Перворожденная
Шрифт:
Предисловие
За что мы любим фэнтези? Почему нам никогда не надоедают, не приедаются сказки? Почему эльфы, гномы, орки и гоблины, чародеи и колдуны, вампиры, инкубы и суккубы не уходят с книжных страниц?
Может, потому, что они все-таки рядом с нами? А мы старательно убеждаем себя, что «этого не может быть, потому что не может быть никогда»?

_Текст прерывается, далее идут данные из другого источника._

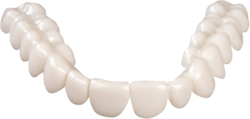 Erkodur-A1 in heller Zahnfarbe. Wird für Provisorien (Stärke 0,6 mm), als Stabilisierungsschiene (1,0 mm) und als kosmetische Schienen (1,0 und 2,0 mm) zum Aufstecken auf die eigene, kosmetisch ungünstige Zahnreihe verwendet.

Юстина Южная возвращается в «Перворожденной» к самому классическому, милому моему сердцу фэнтези. Читатель найдет здесь эльфов и сидов, темных и светлых магов, одну прекрасную (хоть и печальную) эльфийку и одну весьма своенравную (хоть и прекрасную) суккубу.
Магический
Рука Хаоса дотягивается и до спокойных берегов Лигурии, и Финеасу волей-неволей приходится вступать в бой, защищая свой дом. Он не преуспеет, да и к тому же темному магу как-то не пристало рисковать своей шкурой забесплатно!

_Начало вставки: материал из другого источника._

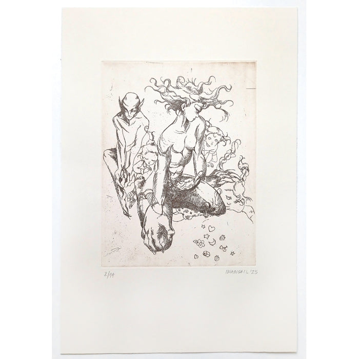 Untitled etching edition of 14 prints by Chilean artist Ibi, hand made at Epigono E.G.L in Mexico City. The edition was printed in two different paper tones. The magenta variant is a 1/1 colour test.

Но темные маги, хоть и бравируют своей темностью, хоть и предпочитают всему комфортабельное одиночество, не подпуская никого к душе и сердцу, – знают, что такое настоящее товарищество. И последнюю волю того, кто пал, сражаясь с тобой плечо к плечу, – исполнят.
Во всяком случае, сделают все, что в их силах.
Так начнется дорога, по которой героям предстоит пройти, прежде всего, к себе самим. Война жестока, страшна и кровава, однако она обнажает души, заставляя каждого явить свое истинное лицо. Трусы оказываются трусами, подлецы – подлецами. У них есть шанс измениться, но речь сейчас не о том. Далеко не всегда мы, даже стоя на границе бури, можем разобраться в собственных мотивах и желаниях. Открытый бой лучше предательского удара в спину, и «дерево свободы должно время от времени орошаться кровью патриотов и тиранов», как говорил Томас Джефферсон. В свое время Бильбо Бэггинс невесть зачем бросился следом за гномами, уходившими в далекий и опасный путь, забыв дома даже носовой платок. Герои «Перворожденной» должны встать на пути чужой и чуждой силы, но не потому, что они прижаты к стене и им некуда отступать. Напротив – чужой силе отнюдь не нужен этот мирок, один из множества, может статься, она получит свое и покинет его навсегда, оставив обитателей Альтерры жить своими привычными делами и хлопотами.
Маг Финеас, эльфийка Исилвен, суккуба Мара. Одного ведет в дорогу долг перед тем, с кем бился рука об руку, хотя до дня битвы никогда о нем не слышал; другую – долг даже не перед родом или миром – но перед собой, ибо спящий дар слишком велик, чтобы можно было от него отказаться по собственной воле; а третью… она сама не знает. Может, упрямство некоего темного мага, не желающего больше смотреть на нее?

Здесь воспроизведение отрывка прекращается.